For the first time, Shade saw white light that didn't come from a lamp. Down there, even if he walked the streets, the buildings and light pollution would've blocked it.

He lifted his head and exhaled sharply. For the first time in years, a smile tugged at his lips.

—"Finally, I can rest. No more paperwork. No more double shifts… No more formalities."

Without fear, he stepped toward the violet abyss. Pushed back his black hair and glanced at it one last time.

—"See you never, Neon Reach. I won't forget what you put me through."

He stepped into nothingness, and everything faded in seconds.

The wind didn't push him. It caressed him. As if the city, at last, offered its only possible gesture of affection.

Towers of glass bathed in violet neon rushed upward. Distant lights streaked into warped lines, and for a moment, Shade felt like he was falling upward, as if the city were spitting him into the sky.

But he refused to leave quietly.

His body fell, but his pride didn't. With slow deliberation, he raised both hands and extended the finger that summed up his entire life. A perfect insult for an imperfect city.

—"Go to hell, you fucking shithole!"

The city didn't react. It remained indifferent. But for a moment, Shade felt like he'd won.

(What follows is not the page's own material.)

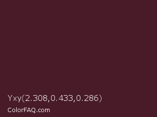 Yxy 2.308,0.433,0.286 Color is a very dark rose color and the nearest color is Crater Brown #462425. Hex code #491a28 and RGB value is rgb(73,26,40). In RGB color space, this color is composed of 29% red, 10% green, 16% blue, In CMYK color space, this color is composed of 0% cyan, 64% magenta, 45% yellow , 71% black , In HSL color space, this color has a hue angle of 342° , 47% saturation and 19% lightness.

He closed his eyes. His lips curved. He braced for the inevitable impact.

It never came.

Only sudden cold… the scent of metal and wet earth… then nothing.

The air ripped.

Not a sound, but a sensation—like the universe itself had coughed.

Suddenly, Shade wasn't falling: he floated in a gelatinous in-between, where his world's laws didn't apply.

His eyes flew open.

A tear in reality's fabric, glowing like diseased glass. Through it leaked visions: cities crumbling in loops, black suns, rivers of blood.

And the hum… a whisper of a thousand dying things.

Then he saw it.

The thing that had opened this unreal rift.

A spider-like figure of impossible geometry, its legs crystalline shards that birthed and died with every blink. Its body—if it could be called a body—was a collage of overlapping realities, some blurred, others distorted.

The creature didn't look at him. It didn't need to.

Shade felt its attention like a weight on his soul, as if every fragment of his being had been scanned, judged, and discarded in nanoseconds.

The spider twisted, and the world exploded into prisms.

Then—a new yet familiar sensation surged through him.

His eyes opened again, staring in disbelief at the sight before him: a dark sky studded with thousands of "stars", twinkling points that, unlike Neon Reach's artificial sky, burned with their own language.

But something else caught his attention. Something he'd seen mere minutes ago, now transformed.

Since when did Neon Reach's sky have two moons?